Material for the task:
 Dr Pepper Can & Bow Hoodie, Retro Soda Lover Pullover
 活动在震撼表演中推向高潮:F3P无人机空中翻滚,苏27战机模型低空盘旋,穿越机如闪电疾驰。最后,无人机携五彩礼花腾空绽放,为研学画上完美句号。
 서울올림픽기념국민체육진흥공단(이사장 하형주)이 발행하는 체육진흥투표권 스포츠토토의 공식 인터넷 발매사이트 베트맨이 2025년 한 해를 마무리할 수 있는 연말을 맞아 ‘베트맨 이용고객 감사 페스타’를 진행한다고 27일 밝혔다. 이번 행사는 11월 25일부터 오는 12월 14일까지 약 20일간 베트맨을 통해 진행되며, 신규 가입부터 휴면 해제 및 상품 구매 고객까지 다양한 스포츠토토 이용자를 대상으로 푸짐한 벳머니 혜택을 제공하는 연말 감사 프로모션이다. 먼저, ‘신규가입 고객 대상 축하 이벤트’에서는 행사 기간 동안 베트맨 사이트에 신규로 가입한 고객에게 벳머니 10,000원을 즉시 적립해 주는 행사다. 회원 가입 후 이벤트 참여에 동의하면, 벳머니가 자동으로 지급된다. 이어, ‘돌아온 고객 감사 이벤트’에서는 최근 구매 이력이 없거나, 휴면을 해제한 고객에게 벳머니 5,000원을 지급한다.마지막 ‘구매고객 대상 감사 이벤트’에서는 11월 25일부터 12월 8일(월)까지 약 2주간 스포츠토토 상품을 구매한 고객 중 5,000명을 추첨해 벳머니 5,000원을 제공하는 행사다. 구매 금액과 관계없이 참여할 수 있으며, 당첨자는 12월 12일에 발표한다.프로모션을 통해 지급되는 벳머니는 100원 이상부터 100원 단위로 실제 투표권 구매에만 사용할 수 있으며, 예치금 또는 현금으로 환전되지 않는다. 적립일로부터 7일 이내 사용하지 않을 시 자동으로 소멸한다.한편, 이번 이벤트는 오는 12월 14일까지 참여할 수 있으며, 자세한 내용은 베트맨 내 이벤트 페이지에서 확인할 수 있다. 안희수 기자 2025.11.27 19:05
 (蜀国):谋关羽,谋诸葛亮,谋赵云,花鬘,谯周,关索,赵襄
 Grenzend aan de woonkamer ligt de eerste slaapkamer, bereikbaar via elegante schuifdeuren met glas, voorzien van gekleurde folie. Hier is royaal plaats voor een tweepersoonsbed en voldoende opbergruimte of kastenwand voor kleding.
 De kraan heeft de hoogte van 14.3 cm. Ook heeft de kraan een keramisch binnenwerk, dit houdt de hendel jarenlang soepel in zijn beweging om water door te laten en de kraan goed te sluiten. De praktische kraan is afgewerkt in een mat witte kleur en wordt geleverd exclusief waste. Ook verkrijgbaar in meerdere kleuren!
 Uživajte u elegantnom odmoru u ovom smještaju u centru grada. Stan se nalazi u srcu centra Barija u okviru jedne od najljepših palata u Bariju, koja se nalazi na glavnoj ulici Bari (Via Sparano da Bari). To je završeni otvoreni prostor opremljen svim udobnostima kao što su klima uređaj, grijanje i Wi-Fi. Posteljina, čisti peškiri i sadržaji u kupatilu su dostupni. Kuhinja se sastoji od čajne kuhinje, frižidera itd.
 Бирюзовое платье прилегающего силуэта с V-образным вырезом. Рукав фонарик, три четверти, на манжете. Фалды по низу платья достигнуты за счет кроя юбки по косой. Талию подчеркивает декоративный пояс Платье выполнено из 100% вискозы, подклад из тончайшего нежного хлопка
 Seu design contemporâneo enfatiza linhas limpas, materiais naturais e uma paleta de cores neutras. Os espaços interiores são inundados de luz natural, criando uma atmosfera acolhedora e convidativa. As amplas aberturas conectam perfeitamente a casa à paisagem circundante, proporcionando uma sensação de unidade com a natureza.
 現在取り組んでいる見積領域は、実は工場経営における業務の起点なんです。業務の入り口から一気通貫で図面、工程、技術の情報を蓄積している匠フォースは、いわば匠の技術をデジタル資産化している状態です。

Aim of the exercise: Taking the entries above, please repeat each one exactly.

Your response:
 Dr Pepper Can & Bow Hoodie, Retro Soda Lover Pullover
 活动在震撼表演中推向高潮:F3P无人机空中翻滚,苏27战机模型低空盘旋,穿越机如闪电疾驰。最后,无人机携五彩礼花腾空绽放,为研学画上完美句号。
 서울올림픽기념국민체육진흥공단(이사장 하형주)이 발행하는 체육진흥투표권 스포츠토토의 공식 인터넷 발매사이트 베트맨이 2025년 한 해를 마무리할 수 있는 연말을 맞아 ‘베트맨 이용고객 감사 페스타’를 진행한다고 27일 밝혔다. 이번 행사는 11월 25일부터 오는 12월 14일까지 약 20일간 베트맨을 통해 진행되며, 신규 가입부터 휴면 해제 및 상품 구매 고객까지 다양한 스포츠토토 이용자를 대상으로 푸짐한 벳머니 혜택을 제공하는 연말 감사 프로모션이다. 먼저, ‘신규가입 고객 대상 축하 이벤트’에서는 행사 기간 동안 베트맨 사이트에 신규로 가입한 고객에게 벳머니 10,000원을 즉시 적립해 주는 행사다. 회원 가입 후 이벤트 참여에 동의하면, 벳머니가 자동으로 지급된다. 이어, ‘돌아온 고객 감사 이벤트’에서는 최근 구매 이력이 없거나, 휴면을 해제한 고객에게 벳머니 5,000원을 지급한다.마지막 ‘구매고객 대상 감사 이벤트’에서는 11월 25일부터 12월 8일(월)까지 약 2주간 스포츠토토 상품을 구매한 고객 중 5,000명을 추첨해 벳머니 5,000원을 제공하는 행사다. 구매 금액과 관계없이 참여할 수 있으며, 당첨자는 12월 12일에 발표한다.프로모션을 통해 지급되는 벳머니는 100원 이상부터 100원 단위로 실제 투표권 구매에만 사용할 수 있으며, 예치금 또는 현금으로 환전되지 않는다. 적립일로부터 7일 이내 사용하지 않을 시 자동으로 소멸한다.한편, 이번 이벤트는 오는 12월 14일까지 참여할 수 있으며, 자세한 내용은 베트맨 내 이벤트 페이지에서 확인할 수 있다. 안희수 기자 2025.11.27 19:05
 (蜀国):谋关羽,谋诸葛亮,谋赵云,花鬘,谯周,关索,赵襄
 Grenzend aan de woonkamer ligt de eerste slaapkamer, bereikbaar via elegante schuifdeuren met glas, voorzien van gekleurde folie. Hier is royaal plaats voor een tweepersoonsbed en voldoende opbergruimte of kastenwand voor kleding.
 De kraan heeft de hoogte van 14.3 cm. Ook heeft de kraan een keramisch binnenwerk, dit houdt de hendel jarenlang soepel in zijn beweging om water door te laten en de kraan goed te sluiten. De praktische kraan is afgewerkt in een mat witte kleur en wordt geleverd exclusief waste. Ook verkrijgbaar in meerdere kleuren!
 Uživajte u elegantnom odmoru u ovom smještaju u centru grada. Stan se nalazi u srcu centra Barija u okviru jedne od najljepših palata u Bariju, koja se nalazi na glavnoj ulici Bari (Via Sparano da Bari). To je završeni otvoreni prostor opremljen svim udobnostima kao što su klima uređaj, grijanje i Wi-Fi. Posteljina, čisti peškiri i sadržaji u kupatilu su dostupni. Kuhinja se sastoji od čajne kuhinje, frižidera itd.
 Бирюзовое платье прилегающего силуэта с V-образным вырезом. Рукав фонарик, три четверти, на манжете. Фалды по низу платья достигнуты за счет кроя юбки по косой. Талию подчеркивает декоративный пояс Платье выполнено из 100% вискозы, подклад из тончайшего нежного хлопка
 Seu design contemporâneo enfatiza linhas limpas, materiais naturais e uma paleta de cores neutras. Os espaços interiores são inundados de luz natural, criando uma atmosfera acolhedora e convidativa. As amplas aberturas conectam perfeitamente a casa à paisagem circundante, proporcionando uma sensação de unidade com a natureza.
 現在取り組んでいる見積領域は、実は工場経営における業務の起点なんです。業務の入り口から一気通貫で図面、工程、技術の情報を蓄積している匠フォースは、いわば匠の技術をデジタル資産化している状態です。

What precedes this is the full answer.